In a few minutes we heard his step returning.

‘Lady Brotherton has no particular objection to giving up the room you want,’ he said. ‘Will you see Mrs Wilson, Clara, and arrange with her for your accommodation?’

‘With pleasure. I don’t mind where I’m put—unless it be in Lord Edward’s room—where the ghost is.’

‘You mean the one next to ours? There is no ghost there, I assure you,’ said Sir Giles, laughing, as he again left the room with short, heavy steps. ‘Manage it all to your own mind, Mr Cumbermede. I shall be satisfied,’ he called back as he went.

‘Until further notice,’ I said, with grandiloquence, ‘I request that no one may come into this room. If you are kind enough to assort the books we put up yesterday, oblige me by going through the armoury. I must find Mrs Wilson.’

‘I will go with you,’ said Clara. ‘I wonder where the old thing will want to put me.

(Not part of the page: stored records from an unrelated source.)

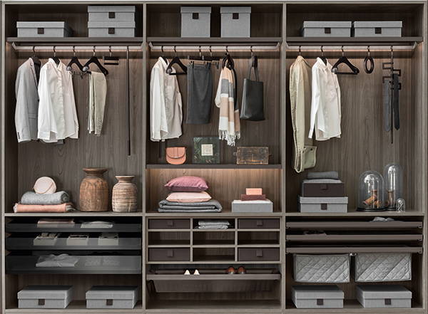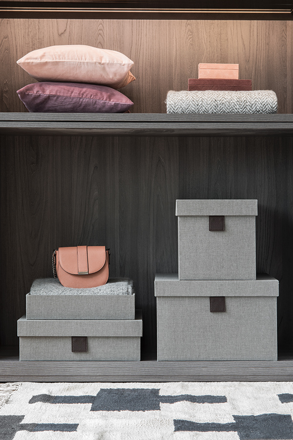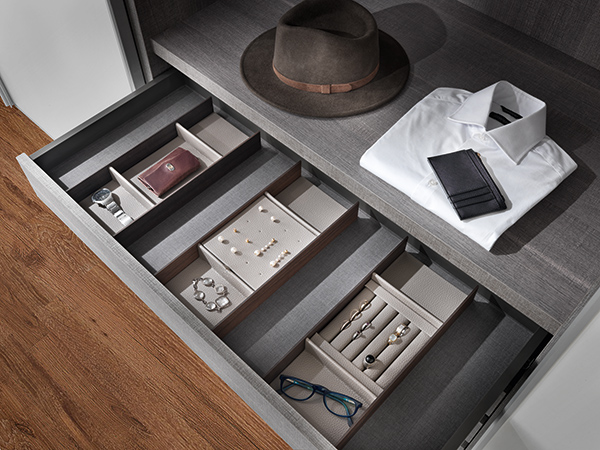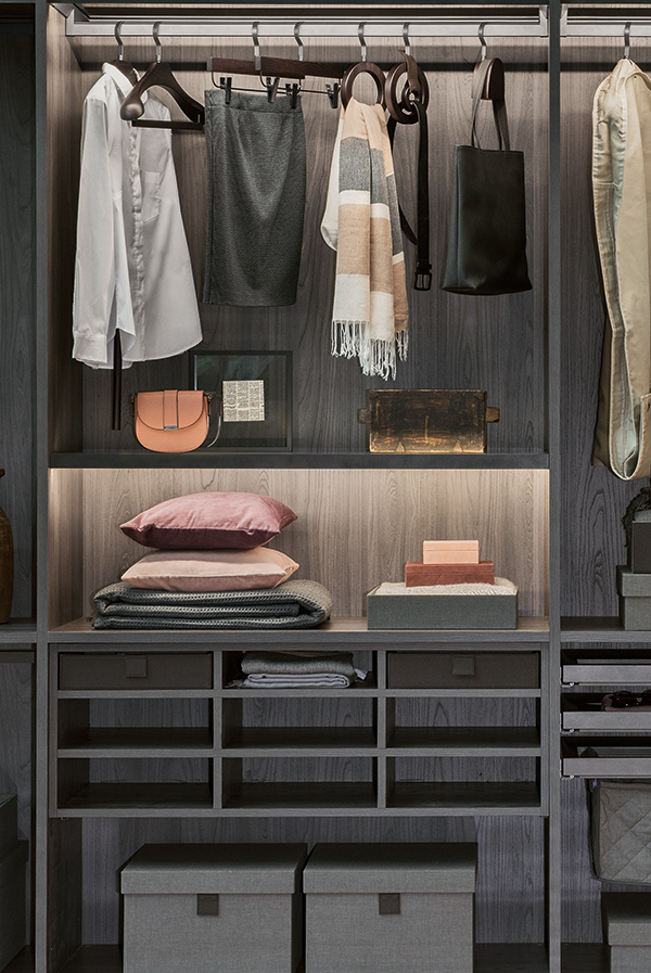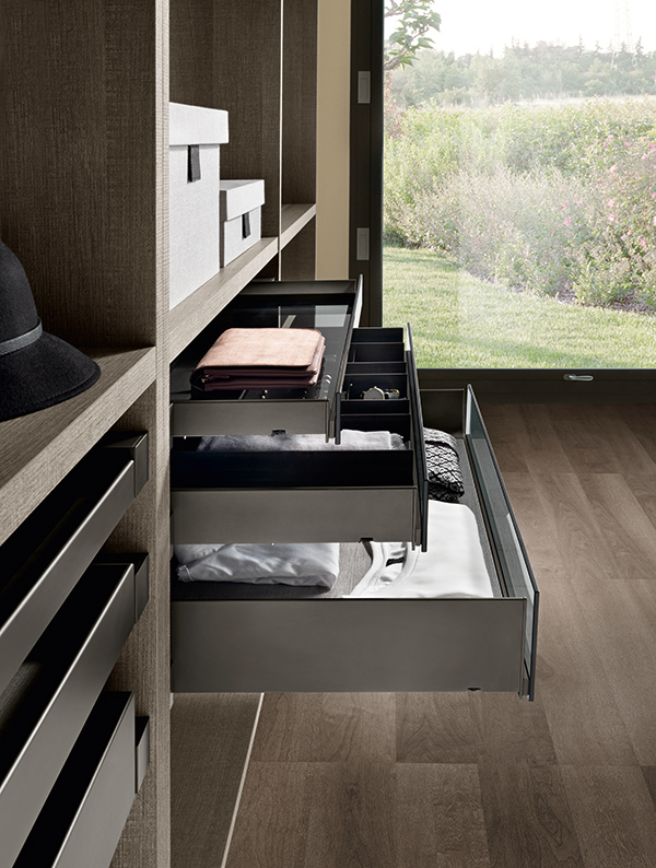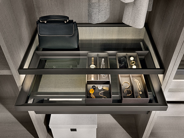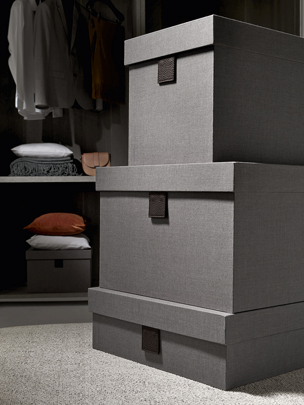 The drawers, with soft shapes and high design, and the illuminated shelves transform the walk-in wardrobe into an inspirational space and make it the most appreciated and coveted place in the home. The materials of the collection, from fabrics to leather and imitation leather, breathe life to endless combinations.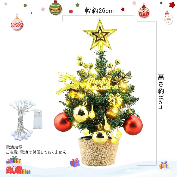 【2025新登場】 クリスマスツリー 卓上 北欧 おしゃれ ミニツリー 高さ38cm DIY可能 人工松 クリスマス装飾 タイマー機能 電池式 LEDイルミネーションライト 人工 クリスマスつりー 小さめ デスクライト インテリア プレゼント 雰囲気 デコレーション 高級 雰囲気 商店 部屋 プレゼント ギフト 贈り物 ミニクリスマスツリー christmas tree 38x26x26cm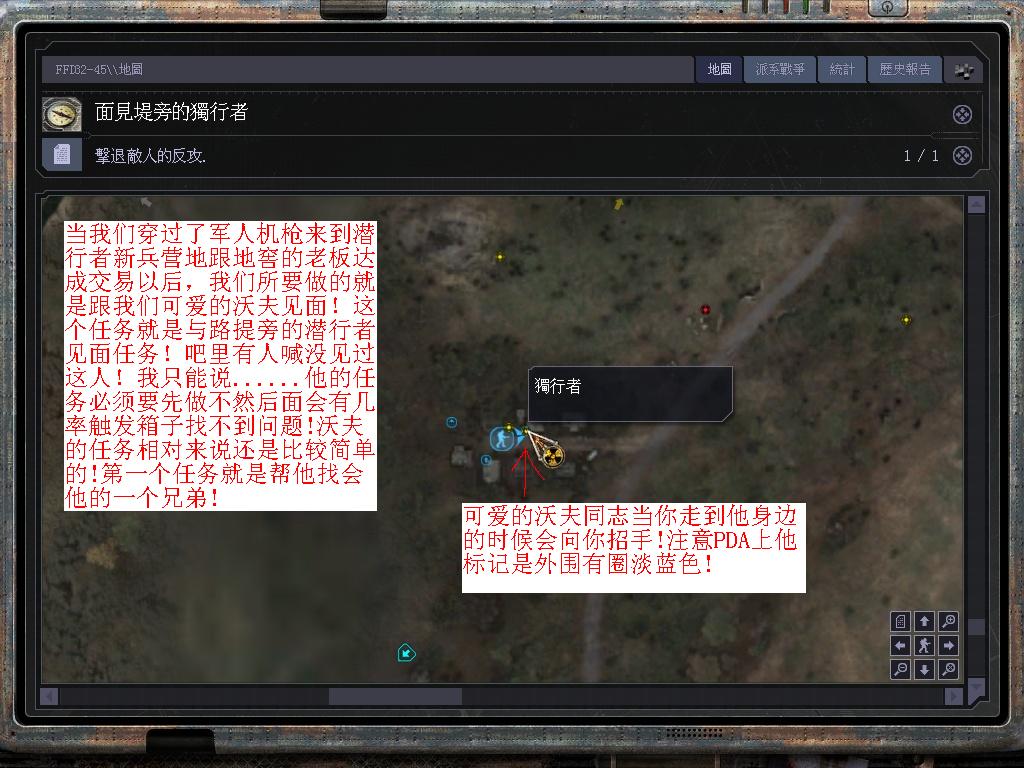 任務(wù)很簡單!接到任務(wù)以后速度跑到PDA指示地點(diǎn)消滅變異生物保護(hù)好沃夫的小弟然后護(hù)送他回營地跟沃夫交任務(wù)就行了!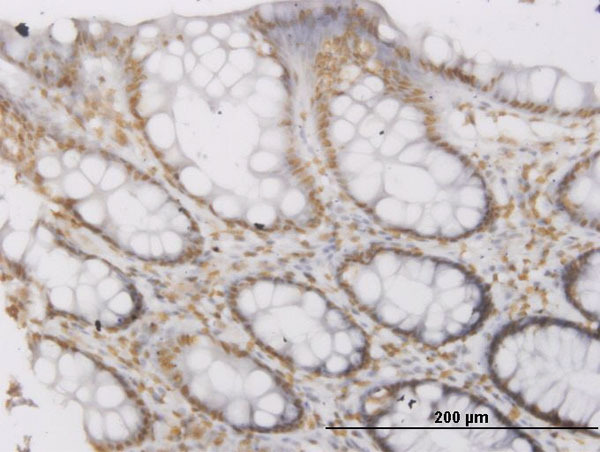 - Immunoperoxidase of monoclonal antibody to ROPN1 on formalin-fixed paraffin-embedded human colon. [antibody concentration 1.5 ug/ml]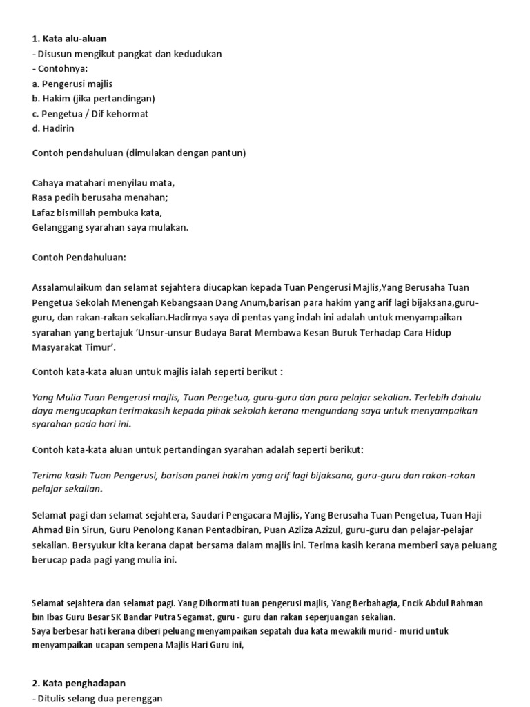Maka dari itu perlu persiapan yang matang dalam menyampaikan pidato. Contoh Ayat menggunakan Perkataan cerpen dalam bahasa Melayu. 93 Contoh Penutup Pidato Memuji Allah.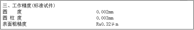 設(shè)備驗(yàn)收時(shí),根據(jù)實(shí)際生產(chǎn)情況,雙方協(xié)商選用其它產(chǎn)品型號(hào)作為驗(yàn)收型號(hào),以產(chǎn)品磨削精度來驗(yàn)證設(shè)備加工精度,及對“主要技術(shù)參數(shù)”中的內(nèi)容進(jìn)行驗(yàn)收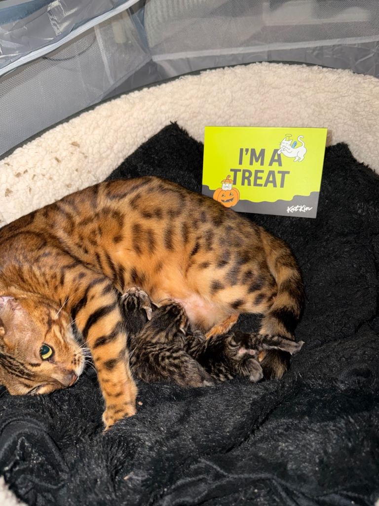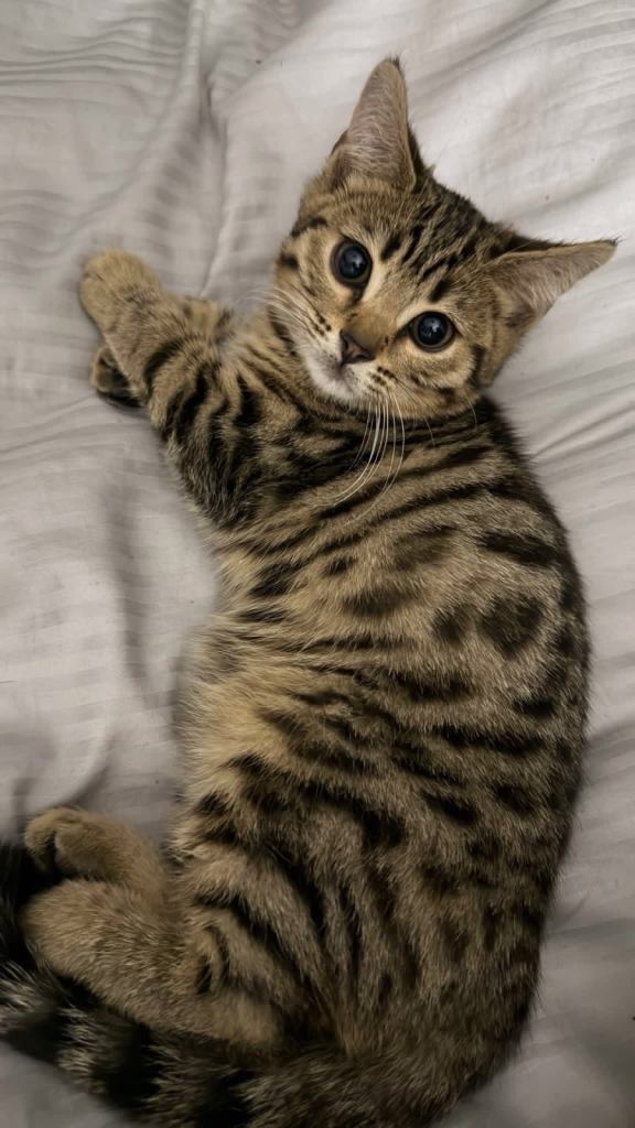 We have a beautiful Bengal x British Shorthair kittens looking for her new forever home.
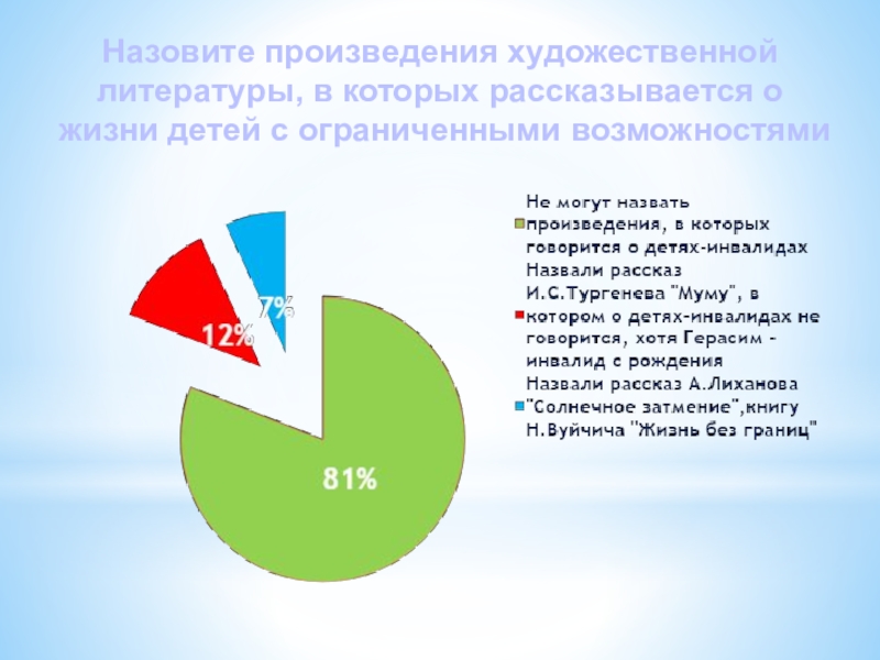 учащихся 7-10 классов о том, какие произведения художественной литературы они знают о детях с ограниченными возможностями;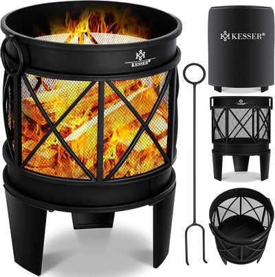 KESSER® Feuerschale mit Grillrost Ø65cm Feuerkorb 0,6mm Kaltveredelter Stahl | Mobile Feuertonne mit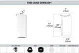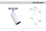 Adjustable Track head options: Tubo Large, Tubo Small and Tubo Large Zoom. Fixed downlight options Tubo Large and Tubo Small.  Various Lens accessories available for each.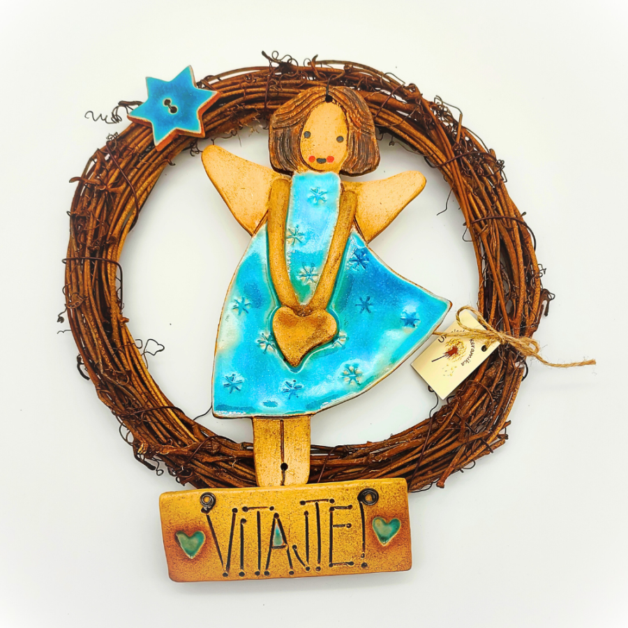 Závesný venček dvere s domčekom, kvietkom a tabuľkou Vitajte, sú z ručne modelovanej keramiky, patinovanej a glazovanej, 2 x pálenej, vtáčik je do venčeka pripevnený drôtikom. Venček na zavesenie kdekoľvek ...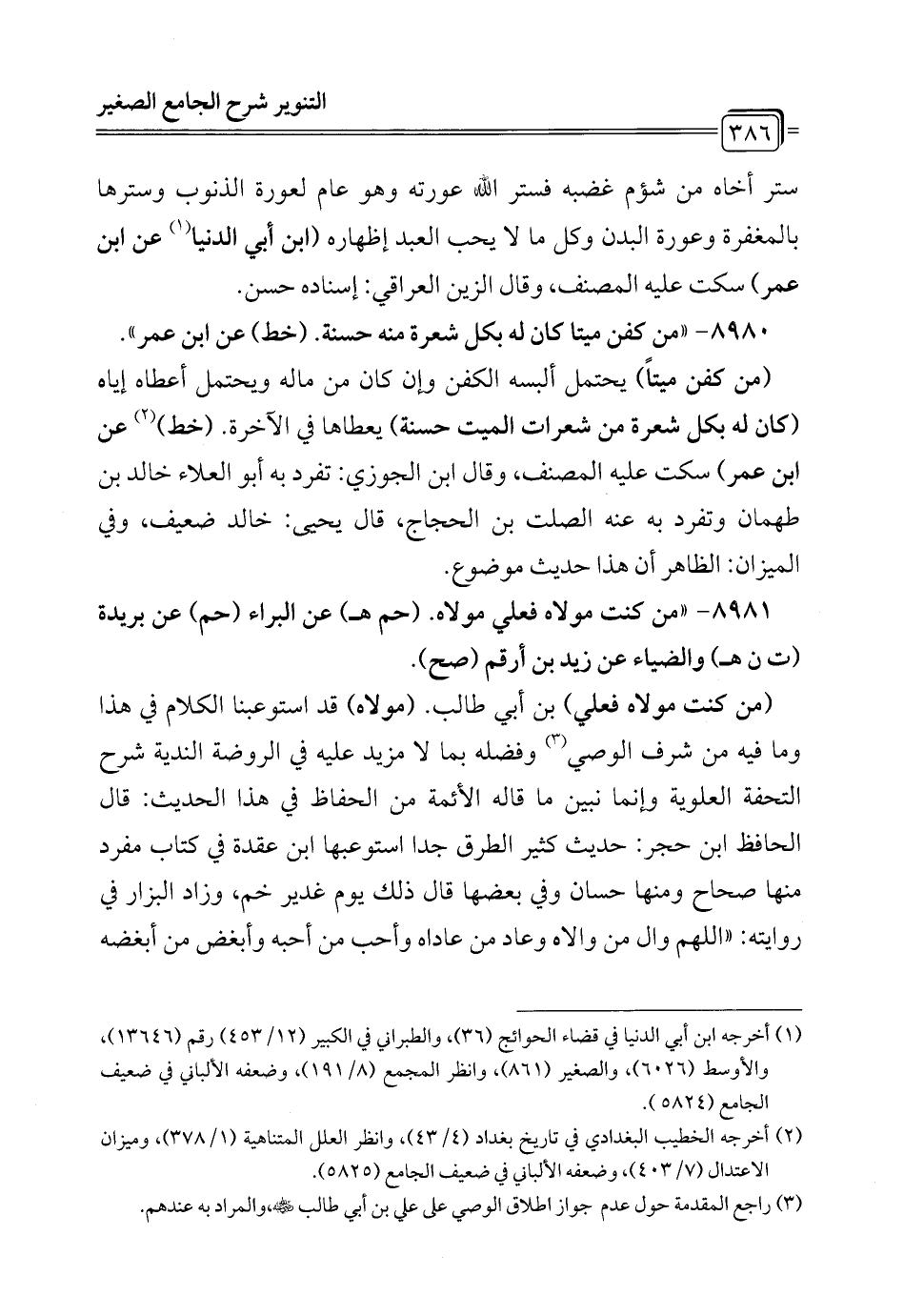 8980 - "من كفن ميتًا كان له بكل شعرة منه حسنة. (خط) عن ابن عمر".
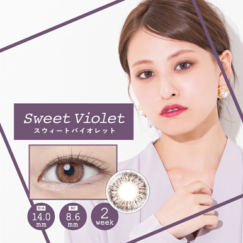 他の画像を見る 【即日発送NG】 Sweetheart 2week スウィートハート2week スウィートバイオレット(1箱2枚入り) 送料無料 ネコポス ナチュラル パープル 2week DIA14.0mm 着色直径13.0㎜ BC8.6mm 含水率38% フチあり 販売価格 ¥ 825 税込 カートに入れる お気に入りに登録する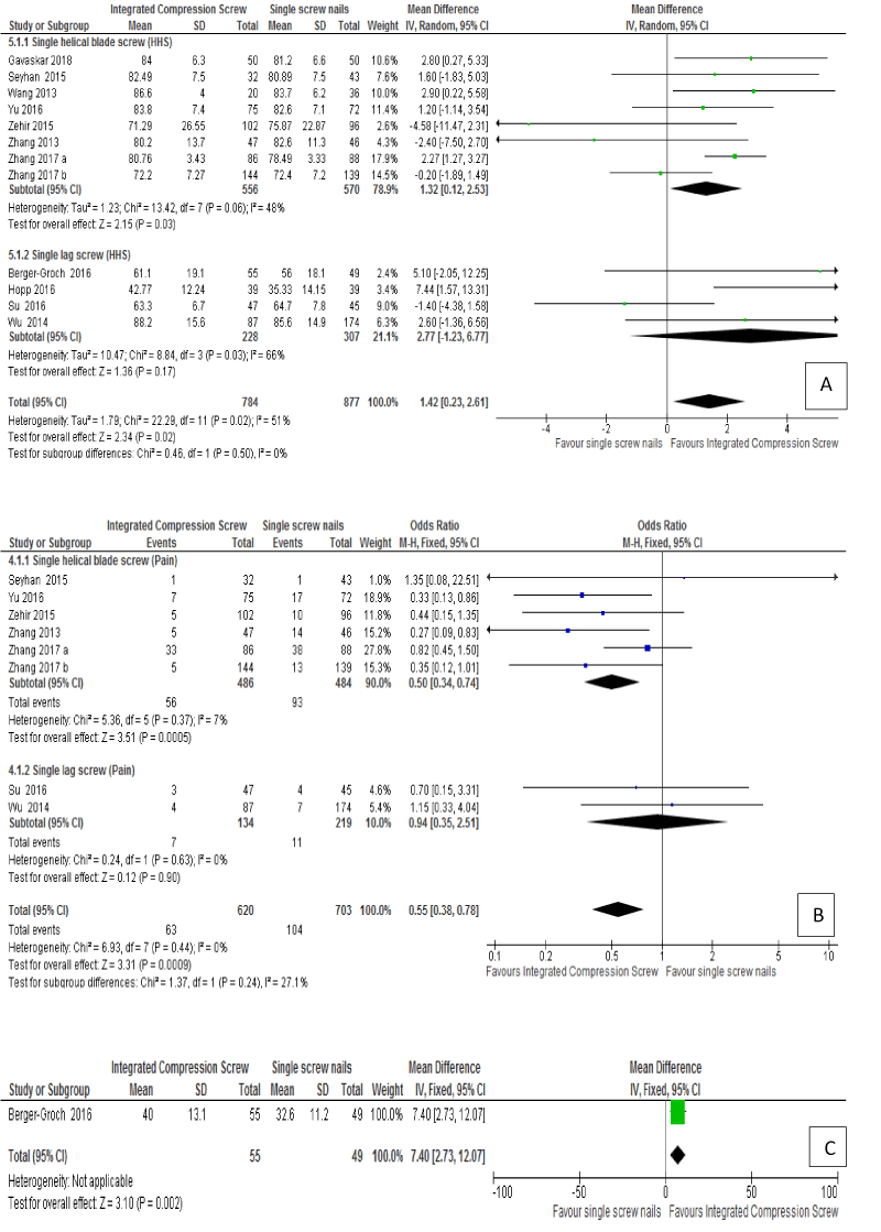 Figure 4. Impact of Integrated compression screw nail compared with single lag screws (a single lag screw or a single helical blade) on (A) Harris Hip Score, (B) Hip and thigh pain and (C) Physical component of the SF-36.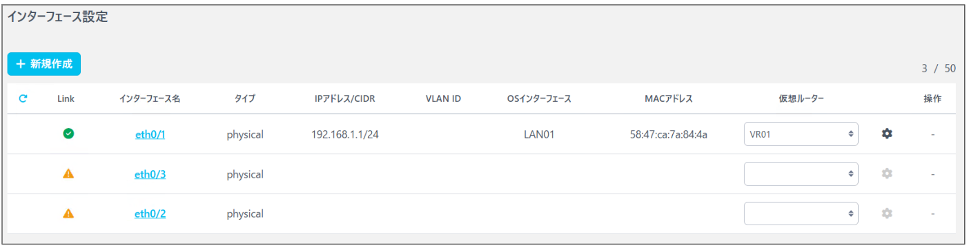 | eth0/1 | 物理インターフェース | 192.168.1.1/24 | - | LAN01 | - | VR01 |

I’m not going where I don’t like, I can tell her,’ she added, following me down the stair and across the hall and the court.

We found the housekeeper in her room. I accosted her in a friendly way. She made but a bare response.

‘Would you kindly show me where I slept that night I lost my sword, Mrs Wilson?’ I said.

‘I know nothing about your sword, Mr Cumbermede,’ she answered, shaking her head and pursing up her mouth.

‘I don’t ask you anything about it, Mrs Wilson; I only ask you where I slept the night I lost it.’